The Finance and Public Works Committee did not vote on allocating additional funds on Sept. 5; however, committee members did say they would support increasing the EAB portion in 2013 by $10,500 when approving the CIP portion of the annual budget. This increase for attacking the borer could go up until 2022.
"I have no problem in recommending this increase, but what I would like to see from staff is an equal reduction in some other part of the CIP so that we're not just escalating costs for this program, but we're maintaining the budget in terms of the CIP," said Village Board Trustee and committee member Terry Boschert. "These funds have to come off from some place else and we'll divert them for this program."

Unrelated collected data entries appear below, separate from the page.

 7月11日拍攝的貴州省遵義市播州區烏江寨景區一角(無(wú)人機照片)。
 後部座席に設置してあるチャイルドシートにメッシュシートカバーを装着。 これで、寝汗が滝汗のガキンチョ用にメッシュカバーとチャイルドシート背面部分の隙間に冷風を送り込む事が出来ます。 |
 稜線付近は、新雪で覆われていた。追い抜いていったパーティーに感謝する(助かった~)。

The 2013 budget and CIP will be discussed and voted on in coming months.
Size of infestation
There are about 16,000 ash trees on private property in Brown Deer, which comes out to be about a 250,000 inches of diameter of wood. The diameter of each tree is used to determine the cost to treat or remove them.

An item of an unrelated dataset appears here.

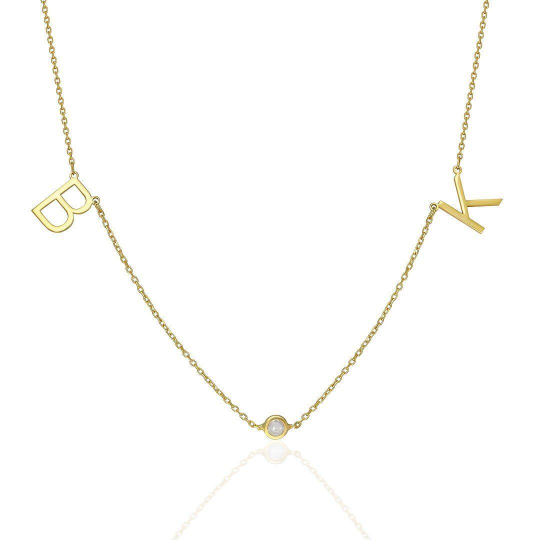 İsim Kolyesi Harf Kolyesi Nokta Taşlı - 925 Ayar Gümüş

Depending on the size of the tree and how many rounds of treatment are needed, the cost to treat a tree is between $1.75 to $2.85 per inch diameter. The cost to treat all public ash trees in the village would be between $17,100 and $27,800, Neitzel said.
Treatment only kills between 90 to 95 percent of the borer in a tree. Until a treatment is developed that can kill 100 percent of the insect, an annual treatment will be necessary.
Borers only live in the outer layer of the tree. The infestation is stripped from the outer layer of a removed tree and the noninfected portion of the wood is returned to the tree's owner, which can result in an overabundance of ash wood.
"It can't just be shipped off some place, so you're stuck with it because they're cleaning it all off," Neitzel said.
Neitzel also asked that the committee begin to review the current landscape ordinance to determine how involved private property owners need to become to stop the insect from spreading. He asked the committee to ultimately make recommendations to revise the ordinance and an EAB portion.
"What we would be looking at is to make revisions in the code listing EAB and what the authority I would have as far as EAB in ordering the removal or treatments of the trees," he said. "A lot of communities have already done that and added EAB in the codes, saying a private property owner would be responsible for the removal or treatment of the trees."
Some surrounding communities bear the cost of treating all the trees. Other communities, such as Grafton, let the residents adopt a tree which resulted in less than 5 percent participation, Neitzel said.
"It's something for the community to think about in the future and for residents to participate in this," Neitzel said. "We're not thinking about doing anything like that for this year."
Gauging public interest
Boschert asked that a survey be placed on the village website, browndeerwi.org, asking residents how willing they would be to pay to save their trees.
"I think it's a good idea to throw this out on the village website and ask what people want," Trustee Gary Springman said. "Obviously, neighborhoods infiltrated with these ash trees may have more of a concern than those who have just one tree scattered among maples or whatever else."
In the meantime, Neitzel is looking into acquiring a 50/50 matching grant that would go toward bringing an arborist to the village to conduct a detailed inspection of trees to detail the magnitude of the infestation.